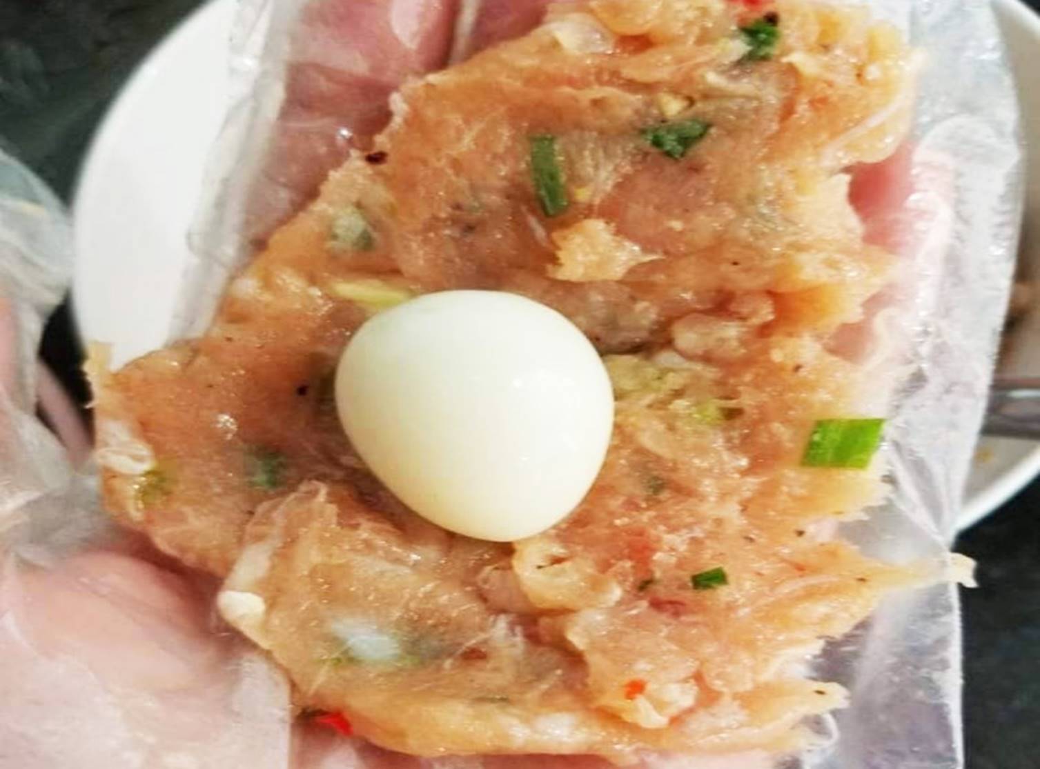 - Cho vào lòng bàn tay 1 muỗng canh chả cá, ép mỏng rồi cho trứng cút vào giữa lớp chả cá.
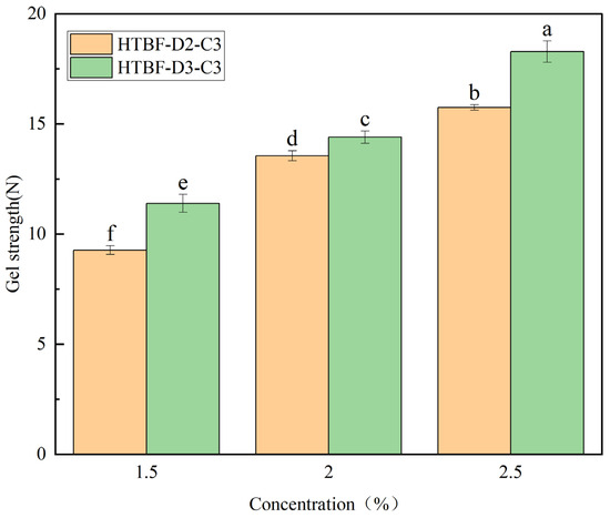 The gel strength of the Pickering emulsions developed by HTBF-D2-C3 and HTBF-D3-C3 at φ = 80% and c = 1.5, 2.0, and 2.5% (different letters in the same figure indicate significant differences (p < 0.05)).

---

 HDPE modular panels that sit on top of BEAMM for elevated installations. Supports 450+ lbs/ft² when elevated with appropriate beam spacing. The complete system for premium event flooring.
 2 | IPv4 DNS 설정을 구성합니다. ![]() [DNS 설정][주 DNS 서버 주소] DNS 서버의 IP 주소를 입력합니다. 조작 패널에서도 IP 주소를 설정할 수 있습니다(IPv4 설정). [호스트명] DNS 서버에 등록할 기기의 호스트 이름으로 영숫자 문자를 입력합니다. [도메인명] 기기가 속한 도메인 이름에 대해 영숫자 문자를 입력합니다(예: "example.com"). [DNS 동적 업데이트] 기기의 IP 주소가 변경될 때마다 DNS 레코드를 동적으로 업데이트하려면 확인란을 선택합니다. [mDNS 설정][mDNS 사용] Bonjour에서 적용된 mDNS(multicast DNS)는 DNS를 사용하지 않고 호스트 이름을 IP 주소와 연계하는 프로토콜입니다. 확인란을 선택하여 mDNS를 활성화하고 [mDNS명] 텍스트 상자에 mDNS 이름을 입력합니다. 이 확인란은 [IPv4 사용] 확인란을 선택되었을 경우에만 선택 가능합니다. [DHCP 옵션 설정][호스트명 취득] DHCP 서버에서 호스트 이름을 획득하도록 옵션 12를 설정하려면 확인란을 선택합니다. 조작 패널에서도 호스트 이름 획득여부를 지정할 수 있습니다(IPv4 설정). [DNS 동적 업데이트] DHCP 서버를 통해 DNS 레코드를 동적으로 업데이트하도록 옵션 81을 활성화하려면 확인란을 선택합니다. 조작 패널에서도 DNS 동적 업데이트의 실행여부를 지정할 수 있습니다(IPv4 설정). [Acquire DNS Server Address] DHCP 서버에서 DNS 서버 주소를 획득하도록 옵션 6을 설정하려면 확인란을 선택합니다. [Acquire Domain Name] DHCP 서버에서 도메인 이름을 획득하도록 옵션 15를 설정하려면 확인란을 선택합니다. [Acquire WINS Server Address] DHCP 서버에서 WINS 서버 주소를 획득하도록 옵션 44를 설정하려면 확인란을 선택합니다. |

* * *

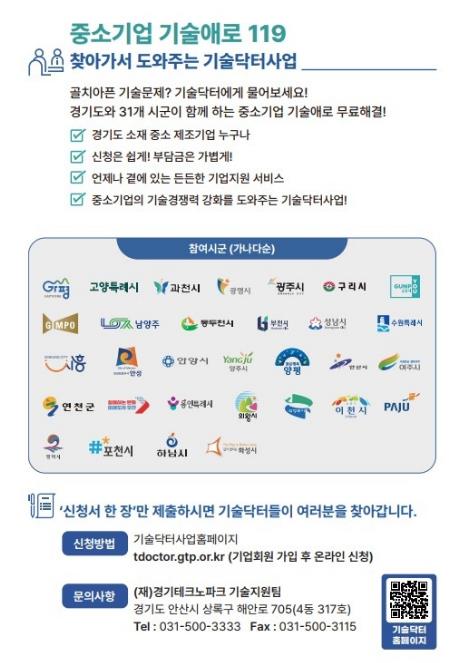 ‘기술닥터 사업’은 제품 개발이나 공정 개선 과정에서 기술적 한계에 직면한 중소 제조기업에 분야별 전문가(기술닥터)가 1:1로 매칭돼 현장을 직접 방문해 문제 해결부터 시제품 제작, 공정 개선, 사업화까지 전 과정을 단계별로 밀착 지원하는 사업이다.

## [Exercise description]
Within the entries above, give again exactly the lines starting at the one that contains "- Cho vào lòng" and ending at the one that contains "The gel strength", leaving out the pictures.

## [Reply to the exercise]
 - Cho vào lòng bàn tay 1 muỗng canh chả cá, ép mỏng rồi cho trứng cút vào giữa lớp chả cá.
 The gel strength of the Pickering emulsions developed by HTBF-D2-C3 and HTBF-D3-C3 at φ = 80% and c = 1.5, 2.0, and 2.5% (different letters in the same figure indicate significant differences (p < 0.05)).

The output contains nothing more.